Lady Amherst's Pheasant

Portrait of a male pheasant diamond

The diamond pheasant or Amherst ( Chrysolophus amherstiae ) is a Hühnervogelart from the family of pheasant -like, their dissemination from the southwest of central China extends to the south-eastern Tibet and into northern Myanmar. The Rooster is one of the most contrasty and colorful pheasants and is therefore often kept as closely related as the golden pheasant bird aviaries. The unscheinbarere hen is, however, predominantly red-brown and black banded. In England, the species was introduced from 1890, but there could only hold in Buckinghamshire and Bedfordshire in free-living populations. In his home country of the diamond pheasant mountain forests, bamboo jungles and bushes settled at altitudes up to 4500 m.

The specific epithet honors Sarah Countess Amherst, the first diamond pheasant brought to England in 1828. She was the first wife of the then British Governor General in India, William Pitt Amherst.

Description

The tap of the diamond pheasant is 130-170 cm long, of which 86-115 cm on the tail. The wing length is 205-235 mm, weight about 750-850 g When the hen 's tail makes 31 to 37.5 cm of 66-68 cm body length from. The wing length is 183-203 mm, the weight is about 600 to 800 g

Forehead and crown are the cock metallic dark green, the glossy dark red hood 60 mm long, hard and radiate narrow feathers falling from the rear vertex to the neck. The featherless game around the eye is slightly spread out and bluish to greenish. The iris is bright yellow, the beak greenish yellow. The genus typical "collar" extends from the apex to the neck and on the sides of the chest. His wide, white feathers are rounded at the end, blue glossy black lined and contribute to the covered part of just such a straight line. The broad, rounded feathers on chin, throat, goiter sides and upper chest as well as the anterior dorsal shine metallic dark green. On the back they are black lined on the front wearing a subterminales, shiny black band and a broad, fringed, green-gold shiny bottom seams. The pure white underside shows only on the flanks and behind the legs black seams, black coverts shining green at the tips. The black secondaries contribute to the shield springs back a metallic blue sheen. The black- brown primaries are lined irregular white on the outer web. The rear back is intensely yellow feathered, the lateral springs and the front upper tail-coverts bright red with some black-green centers. The rear upper tail-coverts are up to 24 cm long. The basal part is on a white background black blue banded, the fields between black flecks. The distal part is vivid orange-red. The mean white control spring pair is roof-shaped in cross-section, such as the basal part of the upper tail-coverts black banded and spotted and scrawled in between. This pattern is also unclear on which is situated at the midshaft of the remaining tail feathers, black transverse bands extend to the broad, brown outer skirt of the flags. Legs and feet are bluish light gray.

The hen is similar to that of the gold pheasant. It differs from this, among other things by the more maroon coloration on the back, upper breast and flanks extends to the whitish belly and to expire at the bottom, light beige back. The black banding is generally stronger and wider. She is wearing a greenish metallic luster. The wave pattern on its back is also stronger. The throat is beige, reins, cheeks and ear-coverts silvery with black patches. The tail feathers are rounded at the end and black-beige quergebändert lots of contrast on maroon base and black scribbled. As the cock the eye area is unbefiedert. How legs and feet it is blue -gray slate- gray.

Voice

The sound repertoire of the species is poorly known. The Revierruf ( Sample ) is probably a warning sound.
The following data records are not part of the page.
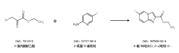 1.通过3-溴丙酮酸乙酯和2-氨基-5-氟吡啶合成6-氟-咪唑并[1,2-a]吡啶-2-羧酸乙酯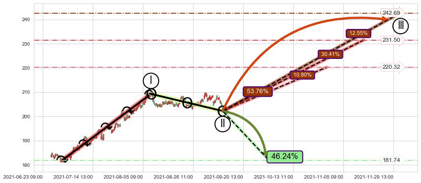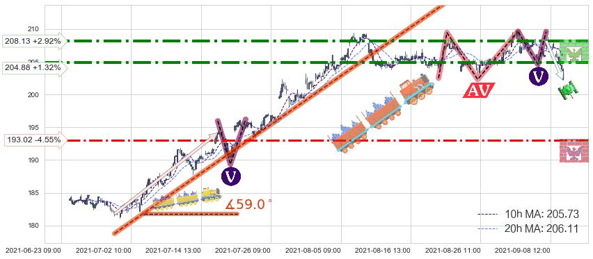 ➢ 【仅预测突破】最后价格:202.22与预测突破价格:208.28→【空间较大】后续最小【整理】第一目标价格→(10-13:09: 229.07 )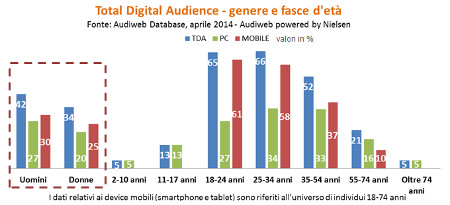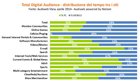 Nel mese di aprile 2014 l’audience totale nel giorno medio raggiunge 20,6 milioni di utenti, mentre l'audience mobile è costituita da 14,8 milioni nel giorno medio. Il 51,7% del tempo totale speso online è generato tramite mobile applications. Per la fruizione di internet da mobile, l’88,5% del tempo speso tramite device è generato dall’uso di mobile app. Più tempo viene generato da PC nella consultazione delle email, nella fruizione delle news online, su siti di eCommerce e su siti specifici di intrattenimento.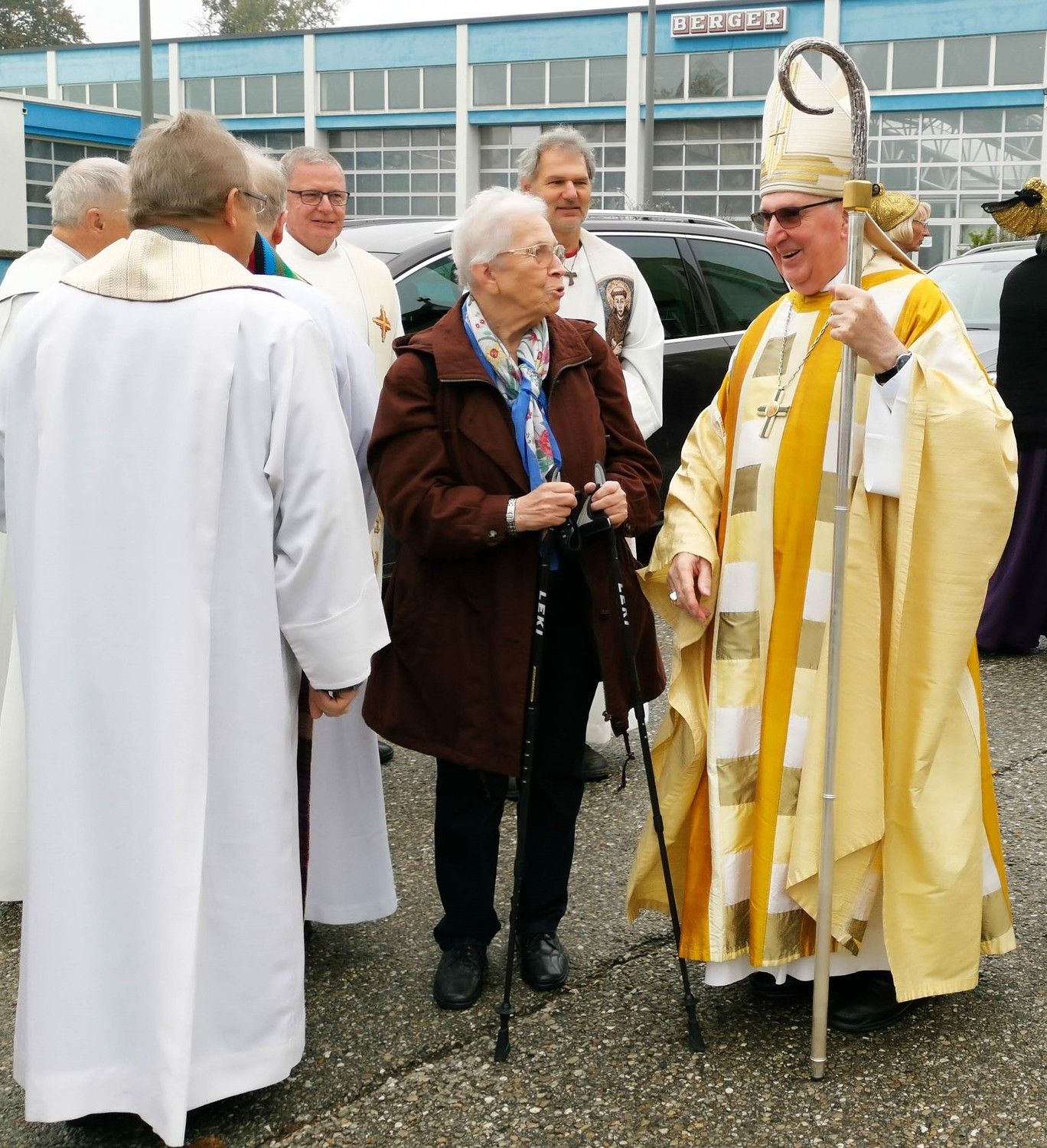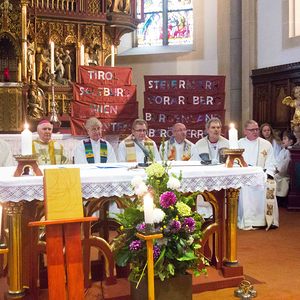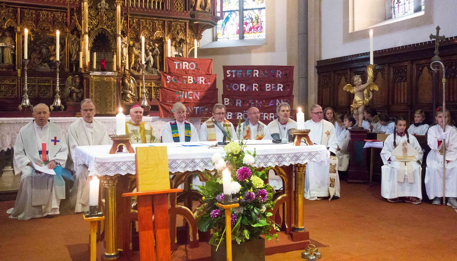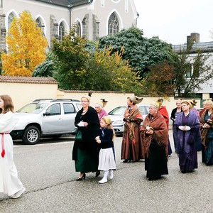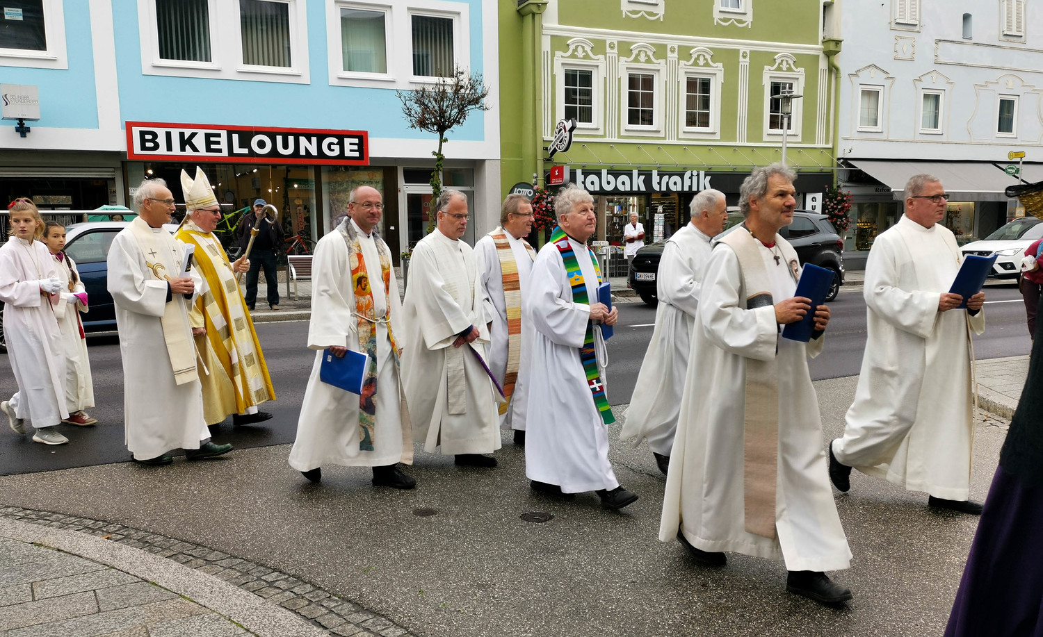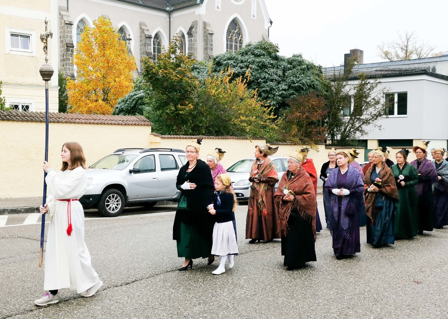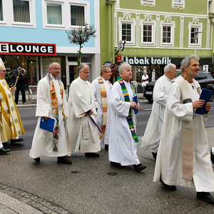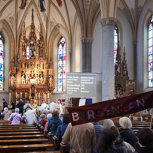 Begrüßt wurden alle von der Musikkapelle Schwanenstadt und von Frauen in Goldhauben. Die Freude über das Wiedersehen mit vielen Freunden war sehr groß. Diese Freude haben wir mitgenommen zur Feier in die Kirche. Wir sind in einer Prozession vom Stadtsaal in die Kirche gegangen. Jedes Bundesland mit seiner Namensfahne (danke der Schule in Linz, die die Fahnen so toll und schön genäht haben!)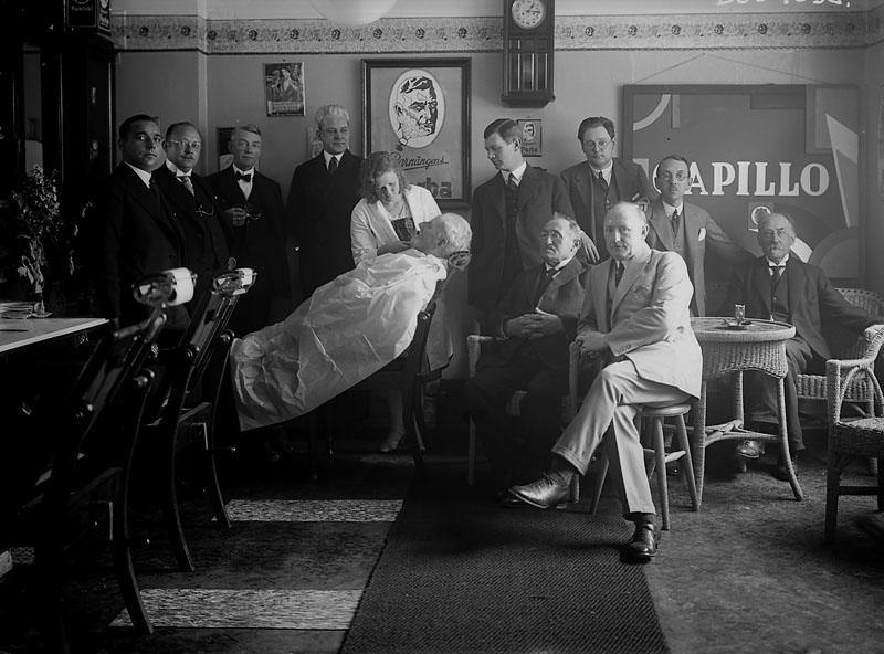Gruppbild i raksalong kund i rakstolen som rakas Larssons rakstuga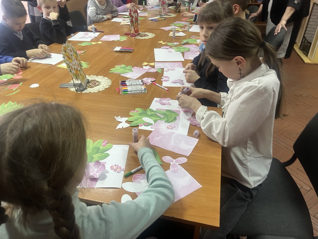 В преддверии Международного женского дняв библиотеке-филиале №10 города Углегорска была организована творческая мастерская по созданию праздничной открытки «Весенний букет».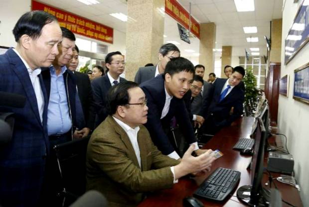 | Bí thư Thành ủy Hà Nội Hoàng Trung Hải thăm Bộ phận một cửa tại quận Nam Từ Liêm- Ảnh Gia Huy |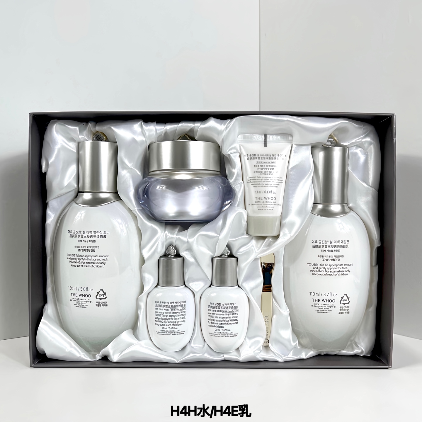 25版Whoo后雪美白六件套盒🔜水H4H/乳H4E编码!新版Whoo 后雪美白三件套,推荐给有斑、肤色不均匀的!舍不得买一千多一瓶的小灯泡,你可以买一套Whoo后美白三件套、能淡斑、防止斑、还可以晒后修复、美白~想除暗黄,各种杂斑的妹子的福音来了这款后雪套盒,美白➕淡斑,让您的肤色更加亮白,提亮肤色!!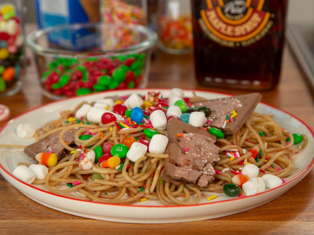 Diese Szene ist so störend, da es fasziniert ist. Das Konzept des Frühstücks Spaghetti gemischt mit Sirup, Pop-Törtchen und einem Bündel anderer zuckerhaltiger Bits klingt irgendwie grob, aber auch irgendwie erstaunlich. Schließlich sind es nur süße Nudeln, richtig? Viele Kulturen haben das! Wir waren alle neugierig auf den Geschmack dieser Schüssel, als wir diesen Flamm schauten.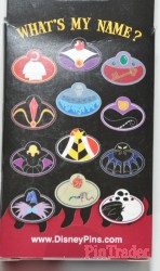 | This mystery set of 12 Cast Exclusive pins in the "What's My Name - Villains" series are sold in boxes of 2 pins. Set Includes: Captain Hook Evil Queen Lady Tremaine Jafar Hades Ursula Maleficent Queen of Hearts Chernabog Yzma Oogie Boogie Cruella De Vil |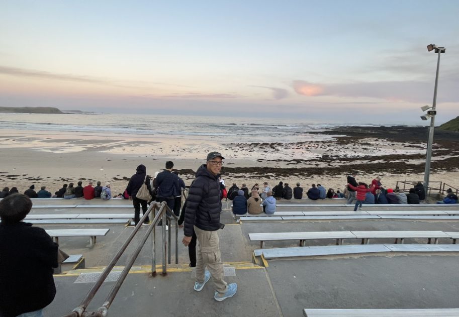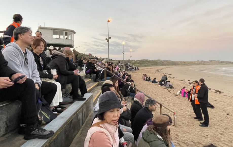As everyone settles onto the viewing platform, a hush falls over the crowd. A guide steps forward and begins to speak softly, explaining what to expect. They remind visitors to keep still, stay quiet, and avoid using cameras with flashes so the penguins won’t be frightened. The guide shares a few fascinating details, how the penguins spend the whole day fishing at sea, sometimes swimming many miles, and then return together in little groups, known as "rafts", just after sunset.
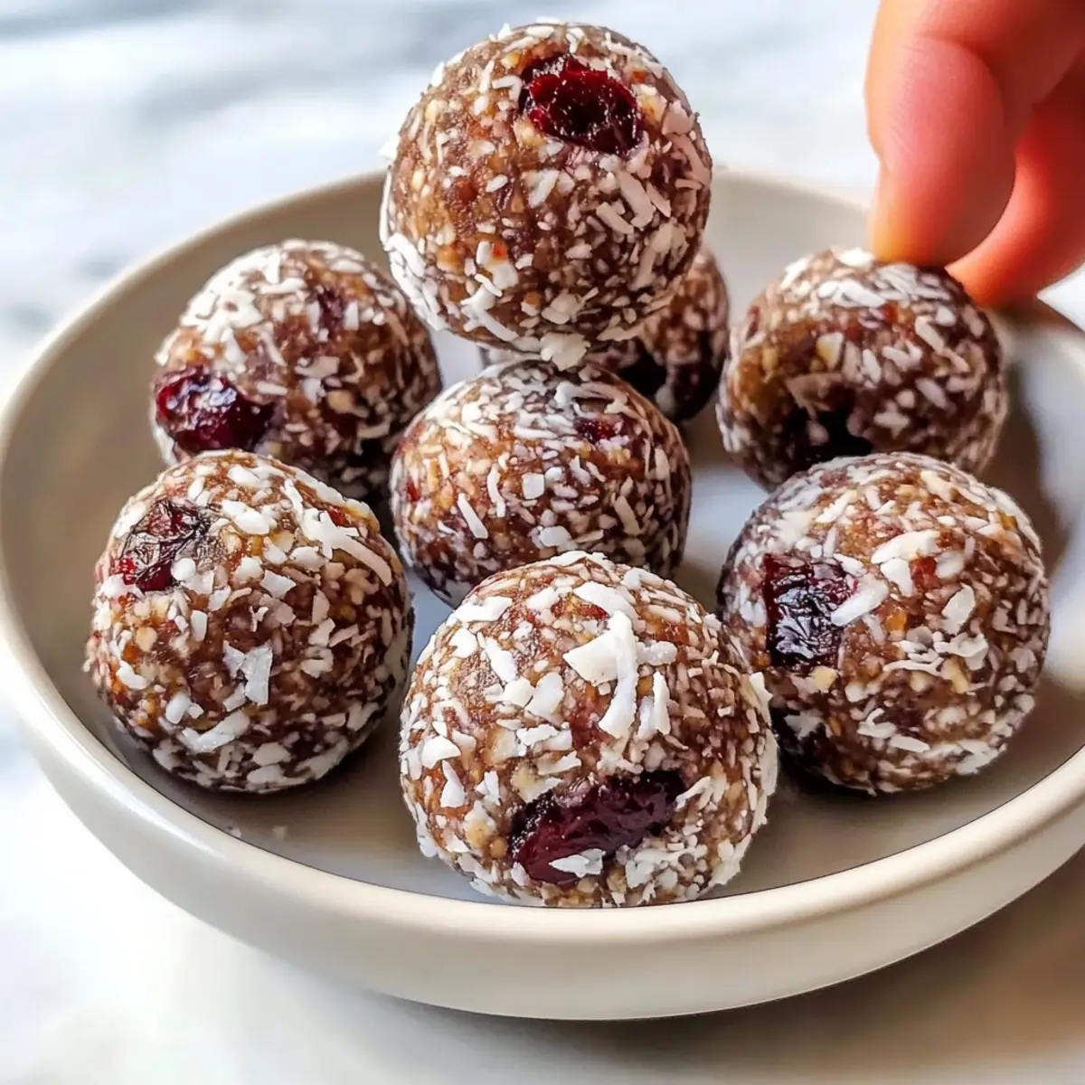 - Nimm etwa einen Esslöffel der Mischung und forme kleine Bällchen. Wälze sie optional in geraspelter Kokosnuss.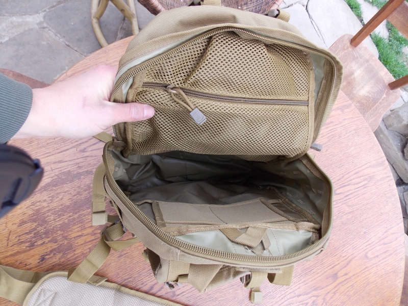 Vzhľad:Hľadal som aspoň čiastočne civilne vyzerajúci batoh v čiernej/púštnej verzii. Nakoniec kedže obľubujem hnedú som zvolil Coyote verziu. Ako som si za posledný týždeň všimol batoh budí dosť pozornosti v coyote prevedení.... v čiernom ale pôsobí o dosť civilnejšie. Odtieň je celkom obstojný, na fotkách možné vidieť porovnanie s Coyote sumkami od Warrioru a odhadzovákom od MFH.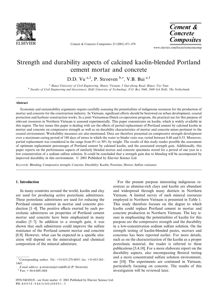 基于经济和可持续性的论点,我们需要认真评估当地的资源做为建筑业生产砂浆和混凝土的原材料潜力。对于越南来说,应在城市发展、海岸保护和港口建设等方面作出重大努力。在越南-荷兰联合合作项目中,我们对越南北部相关资源的实际使用情况进行了实验评估。本文以高岭土为研究对象,高岭土在该地区广泛分布。本文研究的关键问题是煅烧高岭土在砂浆和混凝土中部分替代硅酸盐水泥对砂浆和混凝土混合料抗压强度以及近海环境下的水泥耐久性特性的影响,还提到了可操作性措施。因此,本文提供了水灰比在0.40至0.53之间的混合料,在最大180天养护期的抗压强度发展的数据。此外,我们设计的实验中煅烧高岭土替代水泥质量的0%到30%的。研究结果为评估烧高岭土对硅酸盐水泥的最佳替代率提供了可能,并且会伴随着强度的增益。此外,本文还给出了在低浓度硫酸钠溶液中保存一年的与掺偏高岭土类似的砂浆和混凝土试件的相关性能。可以得出的结论是,在这种环境下,煅烧高岭土的部分替代不仅增加了强度也提高了其耐久性。

In addition, a Futterlockruf describes sounds like suppressed giggle.

Distribution and population

The dissemination of the diamond pheasant is more Western than that of the closely related gold pheasant and extends from about 31 ° N in the western Sichuan to the Salween to the southeast of Tibet. Southward it extends into the eastern part of Shan State in Myanmar and Yunnan and western Guizhou. In the area of ​​overlap of the two species, which is about the limit of Sichuan, Yunnan and Guizhou, hybridization occurs with the golden pheasant.

The population of the species is estimated to be less than 50,000 individuals. Despite a suspected stock decline, the IUCN sees them as not at risk ( " least concern ").

Way of life

The diamond pheasant is found in higher, cooler areas as the golden pheasant, where it inhabits wooded slopes, bamboo thickets and bushes up to altitudes of 4570 m. In winter, the species lives in groups of several families 20 to 30 birds, the breeding season it is probably monogamous. The foraging activity takes place in two phases, morning and evening, on open land on the edge of the cultural landscape. In between there is a rest period spent aufgebaumt in the thicket.

During mating, the collar is spread open and then reaches forward to over the beak. The nest consists of 6-12 oblong oval, beige to whitish eggs of 46-53 mm length and 34-37 mm width. Incubation period is 22-23 days.